Everything below from the line with "925銀choker復古黑皮繩項圈可調節項鍊女ins冷淡風新款氣質脖頸飾" through the line with "Step into comfort" should be copied exactly, and nothing else; leave out the pictures.
----- Information shown
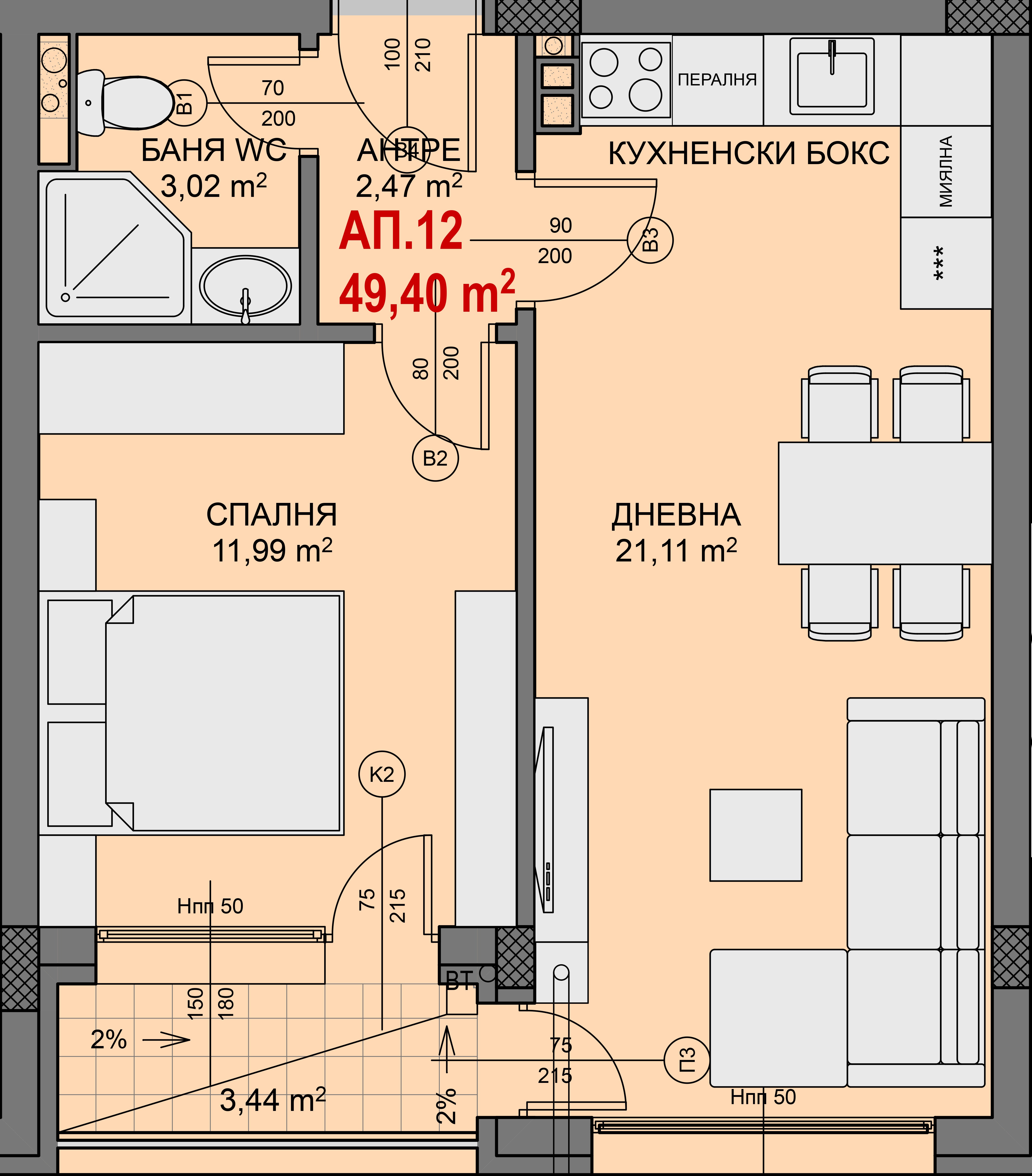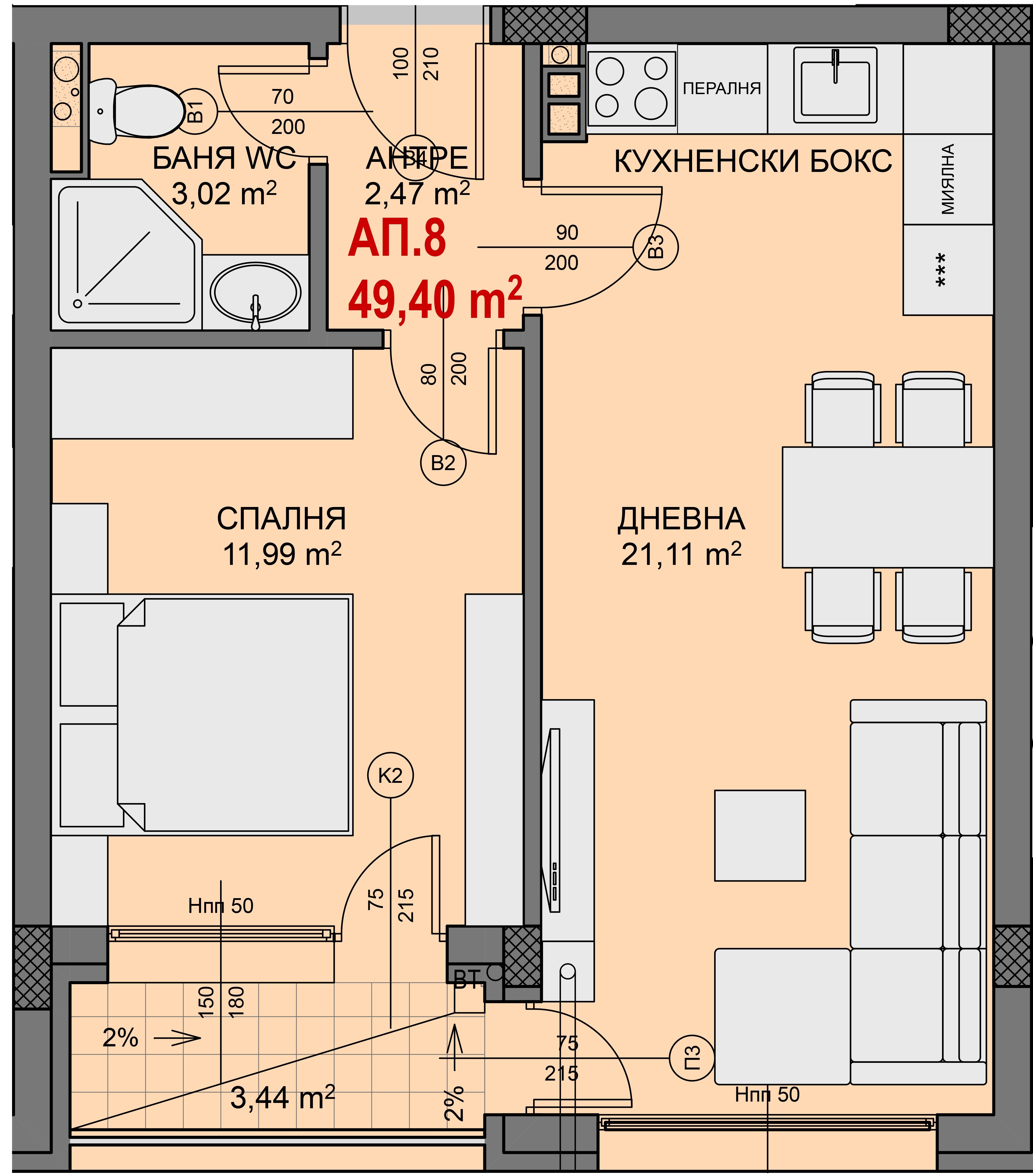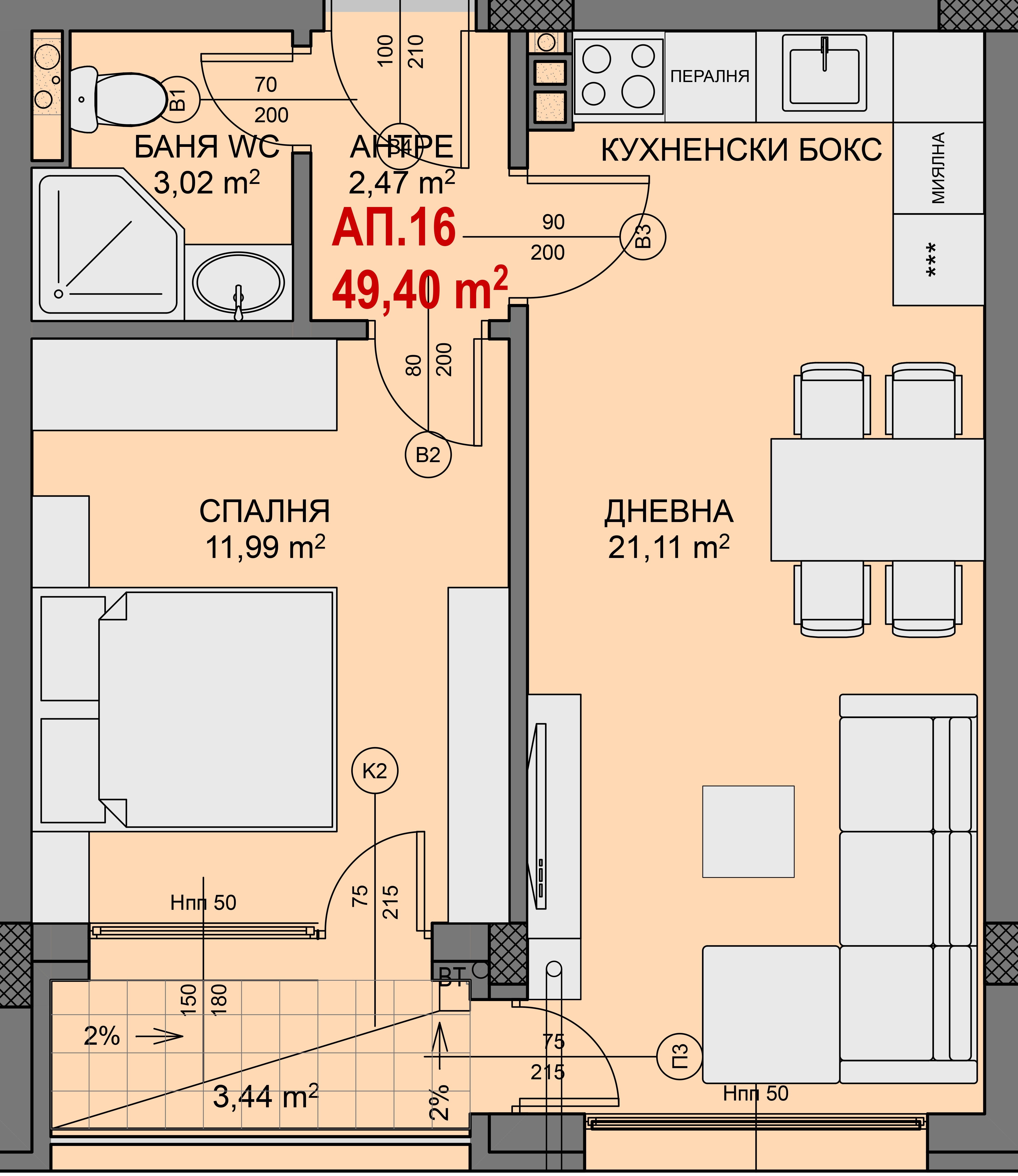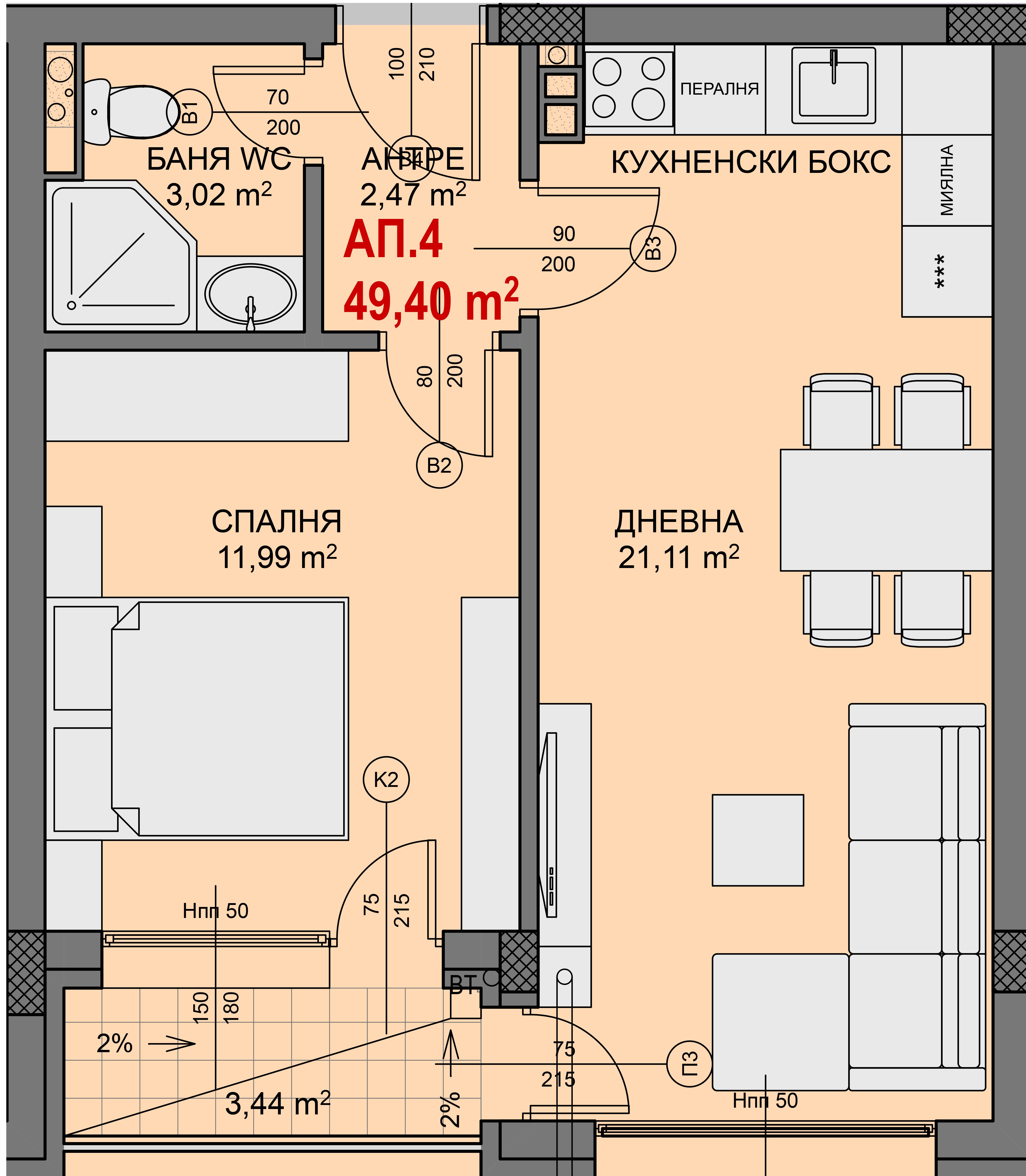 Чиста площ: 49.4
----------
----- Information shown
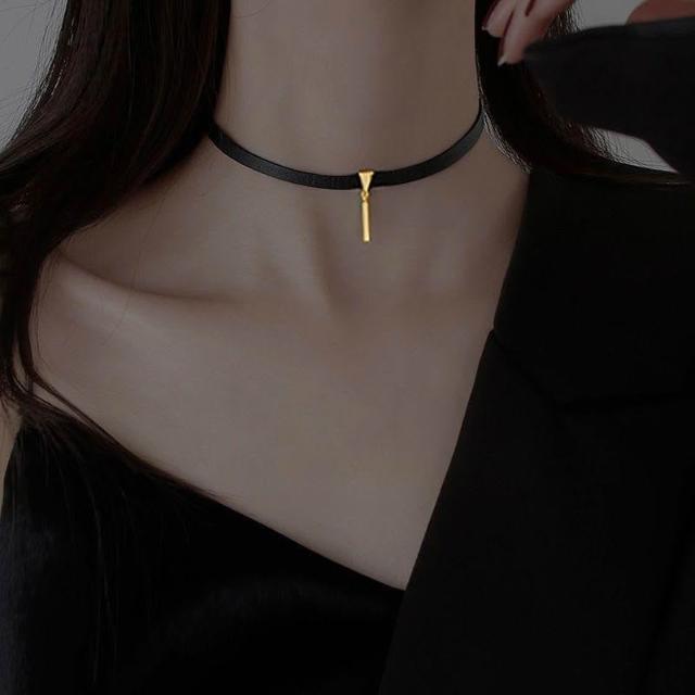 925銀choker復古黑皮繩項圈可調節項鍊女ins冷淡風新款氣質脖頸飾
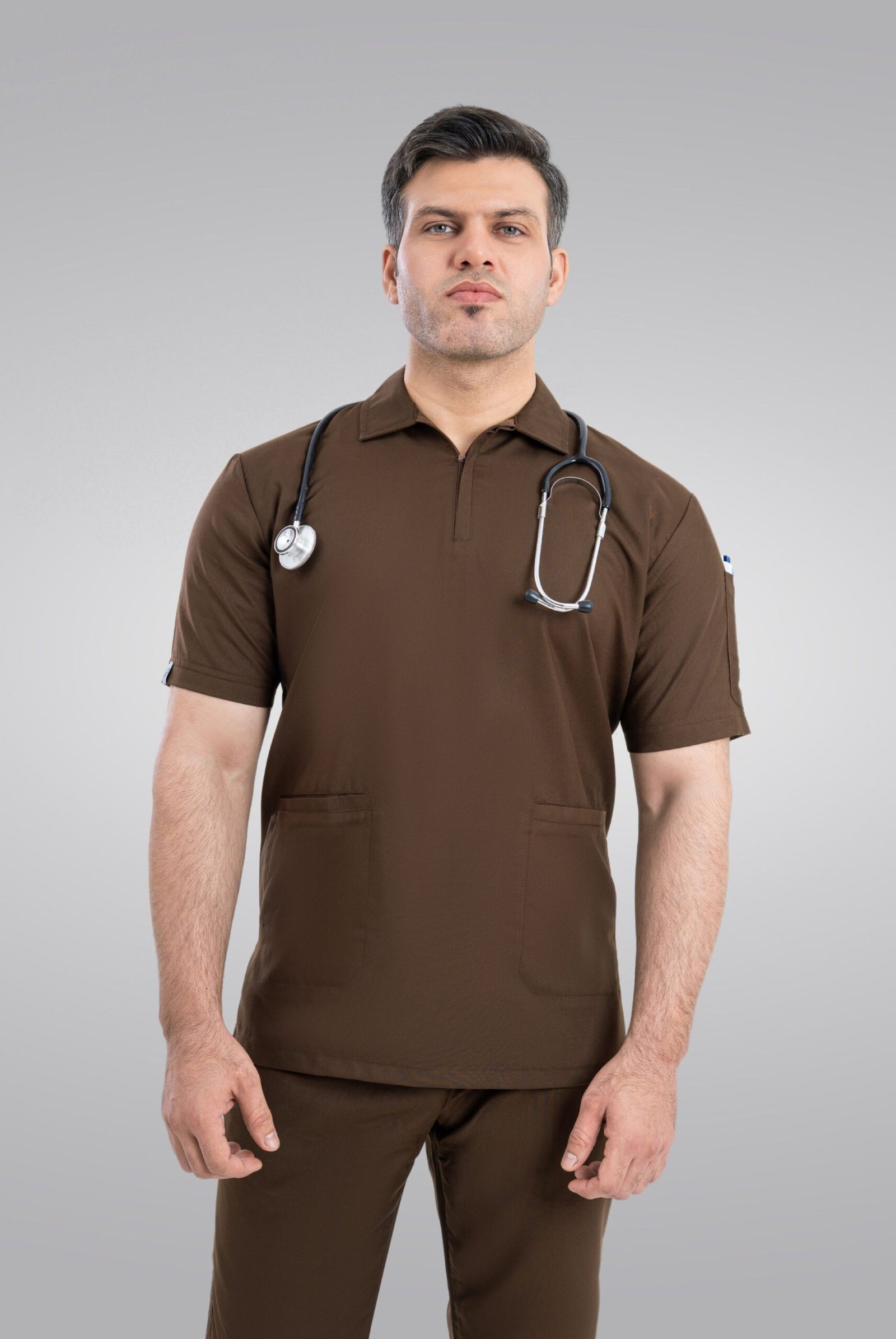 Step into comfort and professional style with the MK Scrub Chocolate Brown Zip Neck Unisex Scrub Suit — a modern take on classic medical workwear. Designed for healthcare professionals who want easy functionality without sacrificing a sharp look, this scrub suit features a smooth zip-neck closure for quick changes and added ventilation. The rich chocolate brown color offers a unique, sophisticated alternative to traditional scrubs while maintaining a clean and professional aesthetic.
----------
----- Information shown
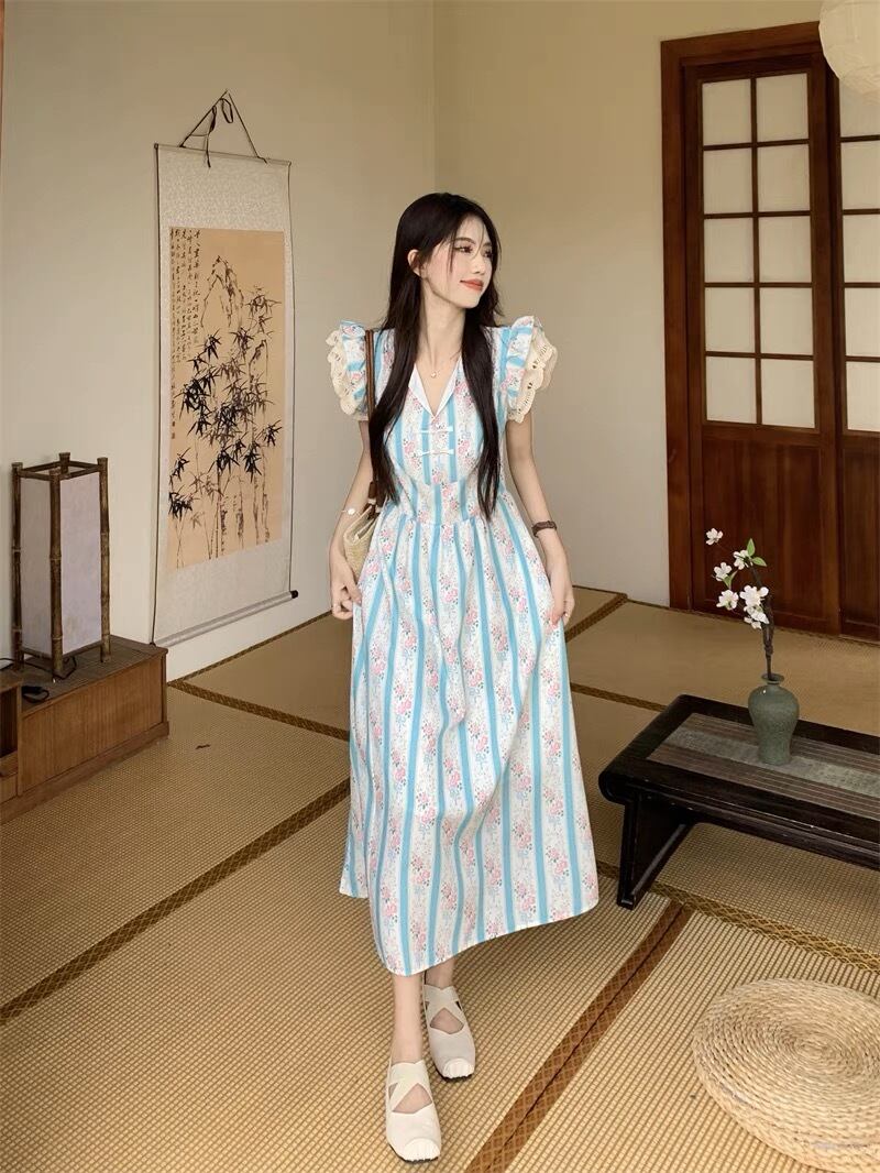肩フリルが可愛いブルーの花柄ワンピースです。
----------
Worked solution:
 925銀choker復古黑皮繩項圈可調節項鍊女ins冷淡風新款氣質脖頸飾
 Step into comfort and professional style with the MK Scrub Chocolate Brown Zip Neck Unisex Scrub Suit — a modern take on classic medical workwear. Designed for healthcare professionals who want easy functionality without sacrificing a sharp look, this scrub suit features a smooth zip-neck closure for quick changes and added ventilation. The rich chocolate brown color offers a unique, sophisticated alternative to traditional scrubs while maintaining a clean and professional aesthetic.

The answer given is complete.